Scientists Discover Unusual Changes In Exploded Stars In Nearby Galaxy

A new study has surprised astronomers after unusual changes were spotted in the remains of exploded stars in a nearby galaxy. Instead of fading steadily over time as expected, many of these stellar remnants showed dramatic changes in brightness, leading researchers to investigate what could be causing the unexpected behaviour, reported NASA.

The findings were presented at the American Astronomical Society meeting in Pasadena, California, and published in The Astrophysical Journal.

Astronomers used NASA's Chandra X-ray Observatory to study the nearby galaxy Messier 83 (M83), located about 15 million light-years from Earth. The galaxy is forming stars at a high rate, making it an important place to study stellar explosions. Researchers analysed 14 years of Chandra observations collected between 2000 and 2014.

Supernova remnants are the clouds of hot gas left behind after massive stars explode. Scientists expected these remnants, especially those older than about 100 years, to slowly fade in X-ray brightness over time. However, the new observations revealed something very different.

The research team found that about half of the 22 X-ray sources linked to supernova remnants changed significantly in brightness during the 14-year observation period. This result was completely unexpected.

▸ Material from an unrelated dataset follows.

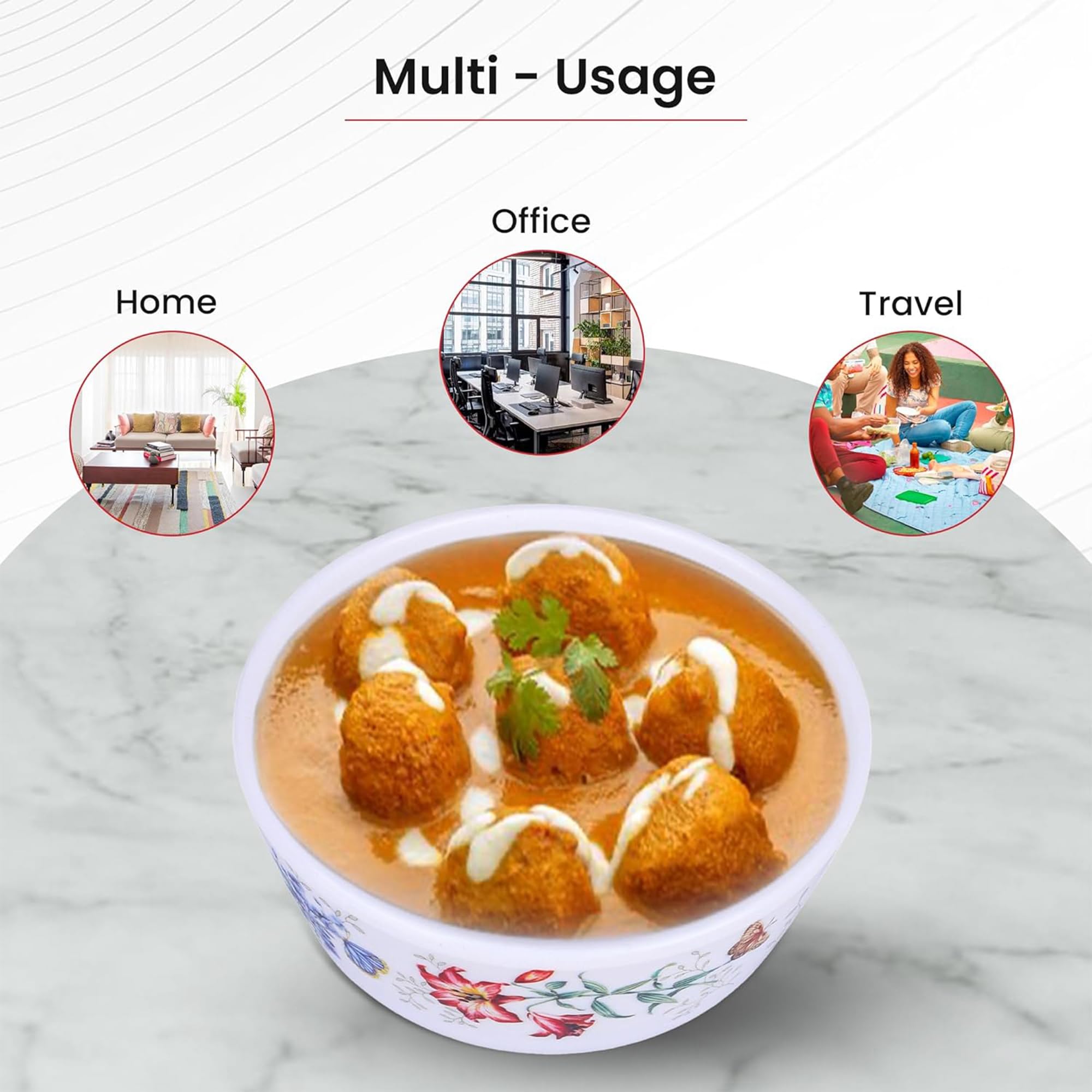 This food bowl for human is designed for multipurpose use. You can use it as a salad bowl which makes sure you enjoy fresh meals. Our katori is aesthetic and adds charm to your table. It is a desert bowl that brings joy to your treats. The print gives it a unique look. Microwave and dishwasher safe because we know convenience matters. This bowl is perfect for any occasion.Detailed Specifications:

Andrea Prestwich of the Catholic University of America, who led the study, said the team already knew that individual X-ray sources could vary dramatically. However, finding that so many supernova remnants behaved this way came as a real surprise. She added that something unusual is happening in these objects, but identifying the exact cause remains difficult because M83 is too far away to observe them in greater detail.

One of the 22 variable supernova remnants has a simple explanation. Known as SN 1957D, it is the debris from a supernova first observed nearly 70 years ago. Scientists believe it is crashing into material surrounding the explosion site, creating the observed X-ray flares. However, researchers said this explanation does not apply to the remaining objects, as there is no evidence suggesting that all of them were formed within the last century.

The researchers believe the most likely explanation is that they have discovered a population of surviving stars that remained alive after their companion stars exploded in supernova events. In this scenario, each system originally consisted of two massive stars orbiting one another. The larger star eventually collapsed and exploded, leaving behind either a black hole or an extremely dense neutron star, while its companion survived.

Scientists said this material becomes extremely hot because of the strong gravitational pull, producing the X-rays detected by Chandra. These systems are known as high-mass X-ray binaries (HMXBs) and are among the most variable X-ray sources in the universe. Researchers believe they may be responsible for the brightness changes observed in M83.

Astronomers have known about HMXBs for many years, but researchers said what makes the M83 discoveries unusual is their connection with supernova remnants. Previously, only a small number of supernova remnants linked with HMXBs had been identified across all galaxies. Finding more than 20 strong candidates in a single galaxy is unprecedented.

The study also found that the variable supernova remnants are located in regions containing higher concentrations of massive stars than other parts of M83. Researchers said this strengthens the possible connection between the remnants and HMXBs.

Scientists also suggested another possible explanation. Instead of pulling material from a surviving companion star, the black hole or neutron star could be recapturing some of the material that was blasted outward during the original explosion.